**Data excerpts**
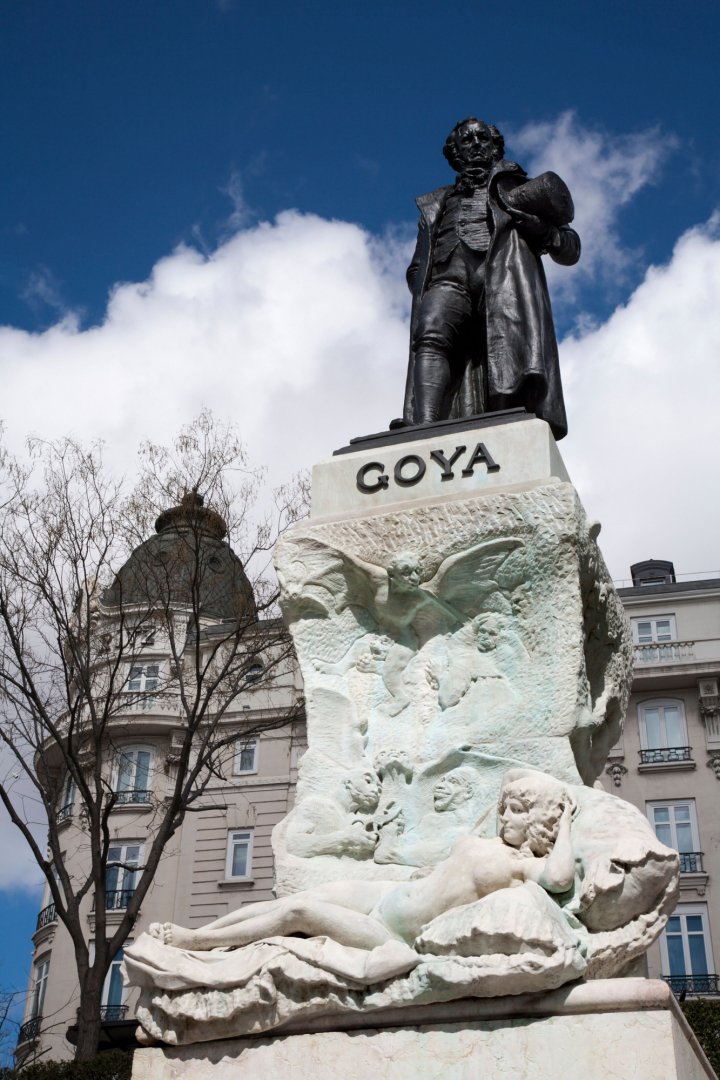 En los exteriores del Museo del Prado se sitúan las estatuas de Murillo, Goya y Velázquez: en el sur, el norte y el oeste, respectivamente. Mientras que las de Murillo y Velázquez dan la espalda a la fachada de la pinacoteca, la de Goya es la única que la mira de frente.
--
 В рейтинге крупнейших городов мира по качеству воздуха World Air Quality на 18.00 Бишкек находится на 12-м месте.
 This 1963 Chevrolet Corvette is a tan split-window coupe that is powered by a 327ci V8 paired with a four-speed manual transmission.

**What you should do**
Retype exactly the span of lines from the one with "В рейтинге крупнейших" through the one with "This 1963 Chevrolet"; include both ends and omit the rest of the material.

**Solution to this task**
 В рейтинге крупнейших городов мира по качеству воздуха World Air Quality на 18.00 Бишкек находится на 12-м месте.
 This 1963 Chevrolet Corvette is a tan split-window coupe that is powered by a 327ci V8 paired with a four-speed manual transmission.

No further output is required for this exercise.